** The data **
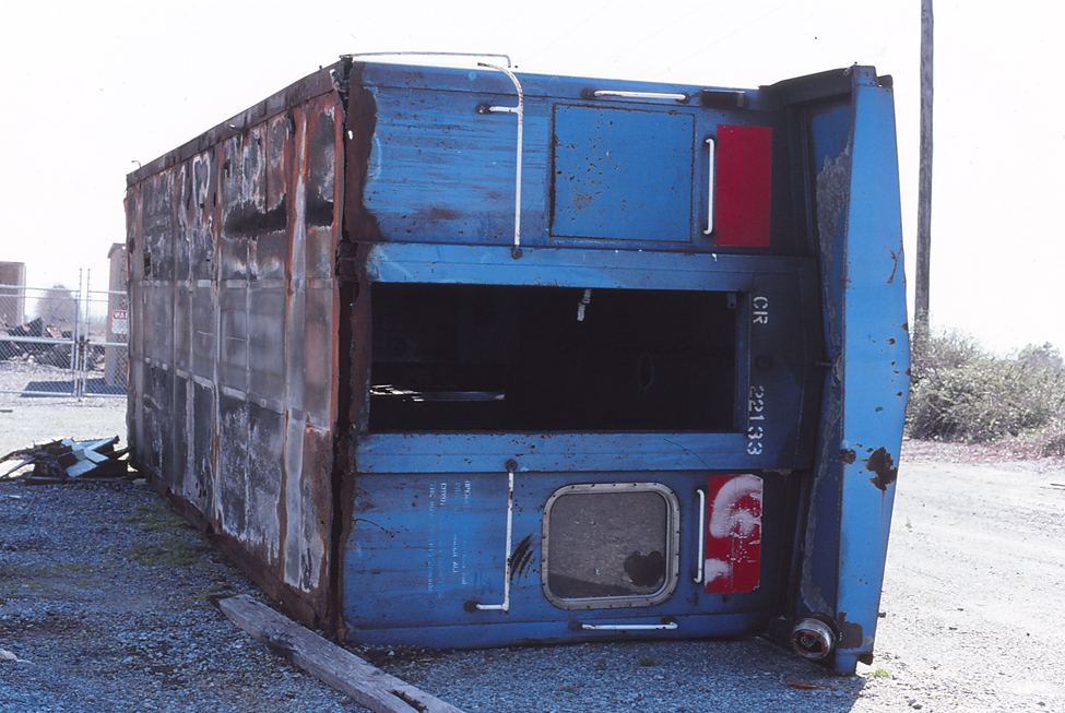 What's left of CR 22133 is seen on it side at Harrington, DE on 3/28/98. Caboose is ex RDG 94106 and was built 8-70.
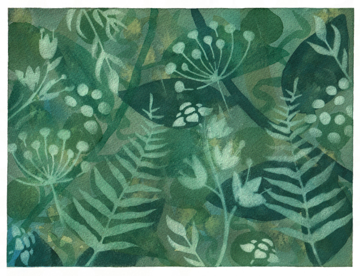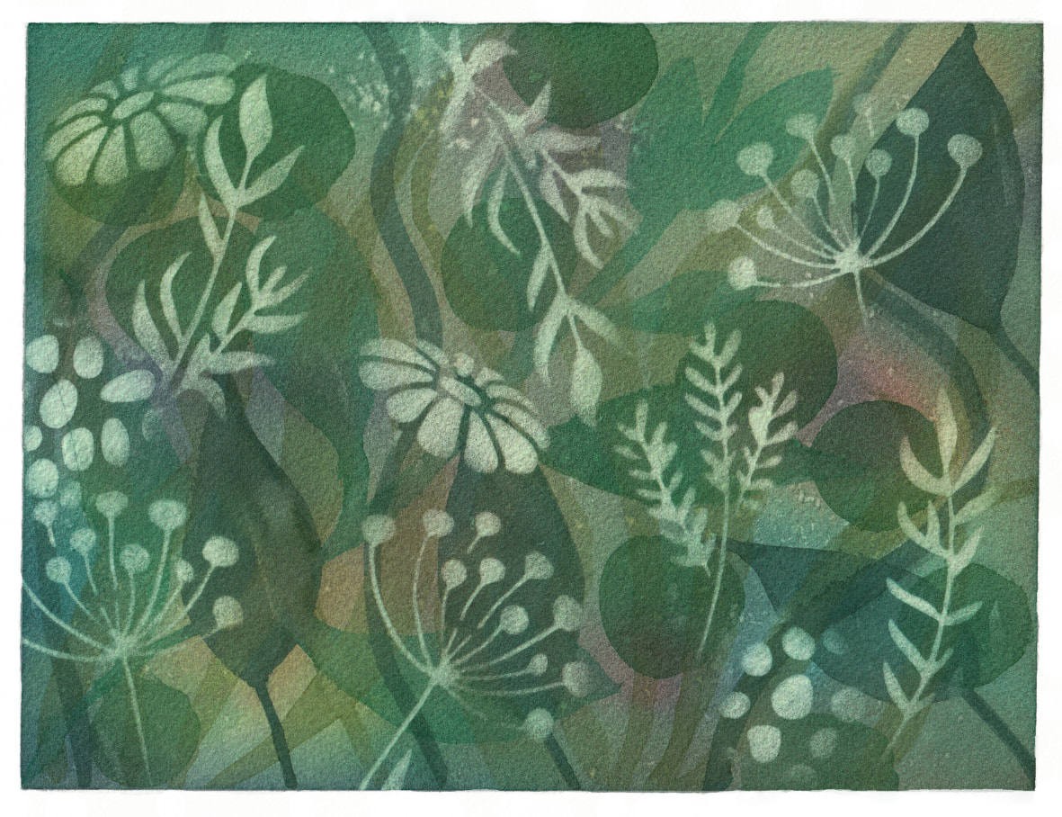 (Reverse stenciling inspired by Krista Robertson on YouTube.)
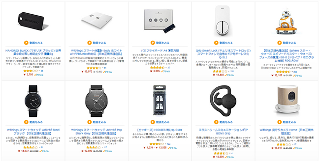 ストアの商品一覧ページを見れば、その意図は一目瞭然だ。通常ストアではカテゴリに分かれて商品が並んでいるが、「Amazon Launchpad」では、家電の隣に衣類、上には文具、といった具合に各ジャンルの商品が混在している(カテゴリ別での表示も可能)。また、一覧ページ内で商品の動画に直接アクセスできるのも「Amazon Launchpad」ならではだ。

** Goal of the exercise **
Pictures do not belong in the copy. Reproduce the rest of the data exactly.

** Worked solution **
 What's left of CR 22133 is seen on it side at Harrington, DE on 3/28/98. Caboose is ex RDG 94106 and was built 8-70.
 (Reverse stenciling inspired by Krista Robertson on YouTube.)
 ストアの商品一覧ページを見れば、その意図は一目瞭然だ。通常ストアではカテゴリに分かれて商品が並んでいるが、「Amazon Launchpad」では、家電の隣に衣類、上には文具、といった具合に各ジャンルの商品が混在している(カテゴリ別での表示も可能)。また、一覧ページ内で商品の動画に直接アクセスできるのも「Amazon Launchpad」ならではだ。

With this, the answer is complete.